Six months later, when we tested him on the computerized program, he had the test scores typical of a 25 year old, yet A.S. is now 56 years old. His mental and physical function is remarkable according to him and his wife and friends. He continues all hormones, and also takes lucidril on a regular basis.
Lessons From This Case
This case illustrates several important aspects of anti-aging medicine. Number one, because of his demanding mental and physical lifestyle, this gentleman was unusually aware of his levels of performance. He was able to pinpoint decreases in his well being more accurately than many people his age. This astuteness lead him to seek relief long before many other men would have.

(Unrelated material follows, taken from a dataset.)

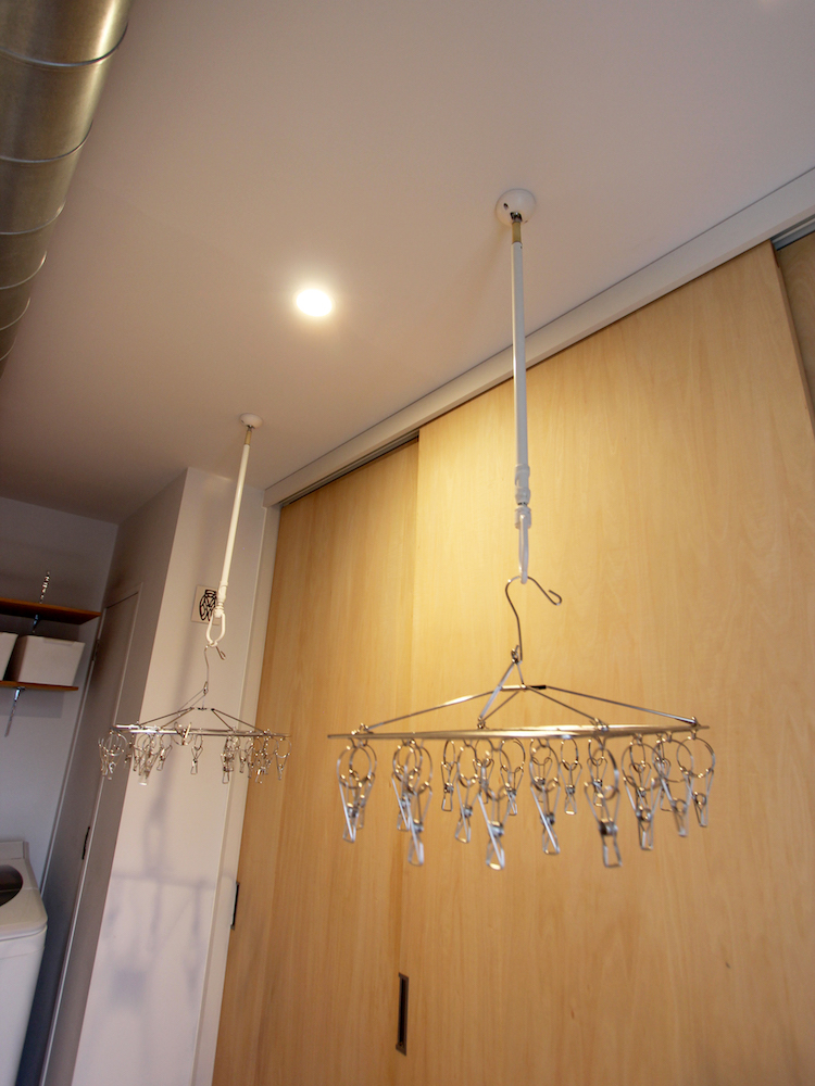 ▷室内物干しも可能です。吊り下げポールは着脱可能なタイプ

For example, I often have men come to the clinic and tell me that they basically feel just fine and have no complaints, while their wives however often have a different story. "He's grumpy and moody. He gets up several times at night to go to the bathroom which he never used to do. He's not interested in sex any where close to the way he used to be, and he doesn't seem to have the energy he used to." Many patients, particularly men, do not fully grasp how much they have declined from the aging process, either because they are in a bit of denial, or because they just figure that despite the decline they are all right "for my age." In these cases often everybody but the patient appreciates the full impact of the decline.
Secondly, even with proper hormonal replacement along with a healthy lifestyle and exercise regime, a decline in mental performance can still occur. In this vein, cognitive testing using computers can be very helpful in tracking and determining optimal functioning, as well as response to therapy.
The last thing to be learned form this case is that the time to begin intervening in the aging process is early on, when the patient is still in his forties. To often men wait until they are 60-70 years old before they decide to seek attention for age related symptoms. They can certainly be helped at any age, but the degree of possible improvement decreases each decade that the aging process is ignored.
Whether we feel it or not, the aging process is very active even in our forties, and it is at this time that we can experience the most efficient use of anti-aging technology.
I look forward to the day when patients who feel fine and are free of disease will routinely seek the services of an anti-aging specialist in order to stay that way for many years to come.